* [Task goal]: Go to the line containing "50 centimes 1963, aluminium-bronze, weight" and retype it and every later line exactly as written, up to the last line of the entries. Keep pictures out.

* [Supplied records]:
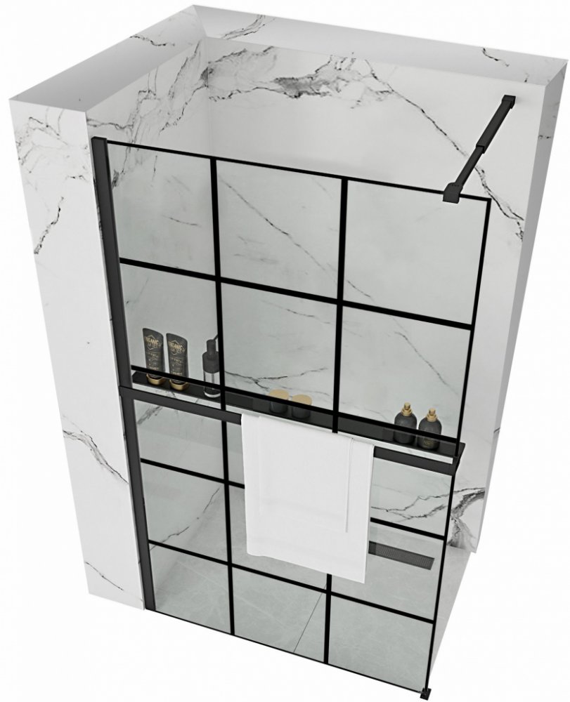 Sprchová zástěna BLER-1 120 cm - černá Jednodílná sprchová zástěna série BLER je vyrobena z 8 mm tlustého tvrzeného bezpečnostního skla v kombinaci s hliníkem s černou povrchovou úpravou. Svým vzhledem zástěna připomíná tradiční japonské oddělovače Shōji. Snadno ji ale lze kombinovat se spousty styly. Od klasického, přes moderní, retro, japonský, minimalistický až po industriální nebo art deco. Zkrátka tato sprchová zástěna s nadčasovým vzhledem zapadne do všech koupelen! Aplikovaná technologie Easy Clean zajišťuje jednoduchou údržbu skla. Sestavení zástěny je universální na obě strany. Levou či pravou orientaci zástěny si zvolíte při montáži. Také si můžete vybrat mezi montáží na sprchovou vaničku nebo přímo na podlahu. Zástěna je uchycena v hliníkovém profilu a ramenem do zdi. Díky regulaci v profilech lze vyrovnat mírné nerovnosti stěn. Zástěna je vybavena hliníkovou policí EVO v černé matné barvě, která nabídne z jedné strany prostornou polici na odkládání hygienických potřeb a z druhé strany praktický jednoramenný věšák na přehození osušky. Parametry: rozměr: 120x195 cm - nastavitelné v šíři 1190-1205 mm délka ramene (nastavitelné): 70-120 cm sklo: čiré, 8 mm uchycující profil: hliníkový, černý matný, šířka profilu: 32 mm Mřížka o síle 17 mm je tvořena speciální černou matnou barvou vytvrzenou při 800°C. Tím je zaručena trvanlivost a vysoká odolnost proti otěru. montáž: na sprchovou vaničku nebo přímo na zem součástí balení je kompletní sprchová zástěna včetně lišt, ramene a montážního materiálu
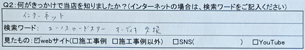 Q2:何がきっかけで当店を知りましたか?(インターネットの場合は、検索ワードをご記入ください)
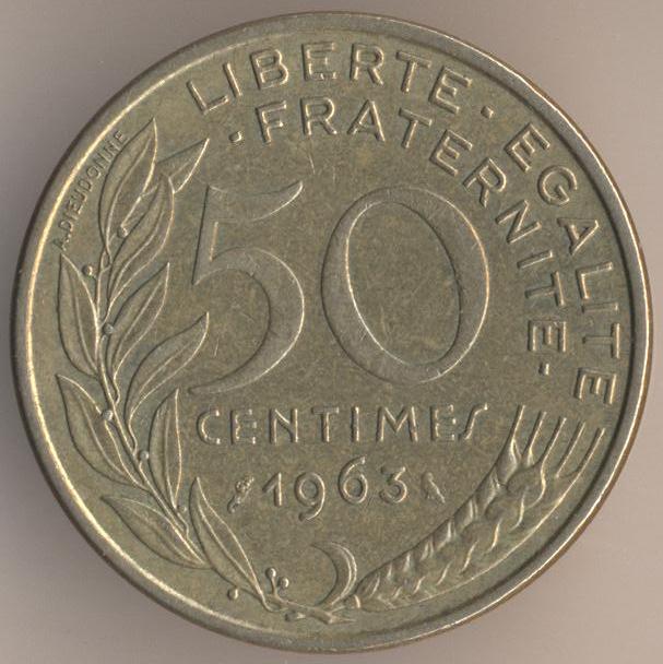 50 centimes 1963, aluminium-bronze, weight - 7 g., size - 25 mm, thickness - 2,15 mm, mintage - 62482000 pcs. Engravers: Henri Lagriffoul (obverse) & Adrien Dieudonne (reverse - face value). Coins of this type were released at 1962-64. Demonetized on January 11 1965.
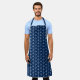 Un delantal con un patrón de anclas blancas sobre un fondo azul.
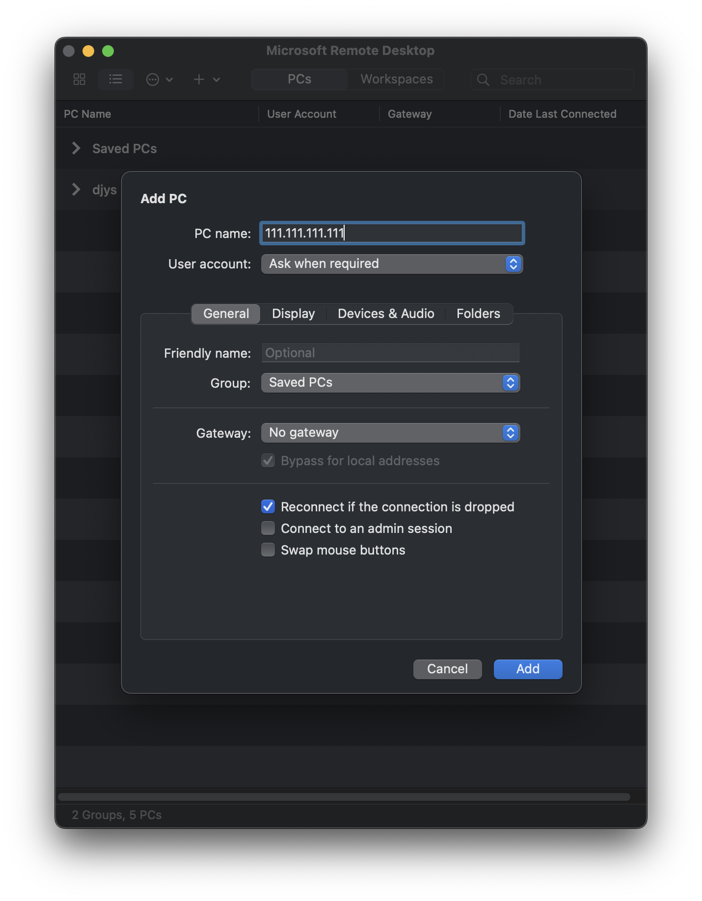 3、在弹出的Add PC对话框中输入堡垒机的IP地址。
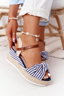 +1Sandały Na Koturnie W Stylu Marynarskim Niebieskie La Isla Bonita

* [Reply to the exercise]:
 50 centimes 1963, aluminium-bronze, weight - 7 g., size - 25 mm, thickness - 2,15 mm, mintage - 62482000 pcs. Engravers: Henri Lagriffoul (obverse) & Adrien Dieudonne (reverse - face value). Coins of this type were released at 1962-64. Demonetized on January 11 1965.
 Un delantal con un patrón de anclas blancas sobre un fondo azul.
 3、在弹出的Add PC对话框中输入堡垒机的IP地址。
 +1Sandały Na Koturnie W Stylu Marynarskim Niebieskie La Isla Bonita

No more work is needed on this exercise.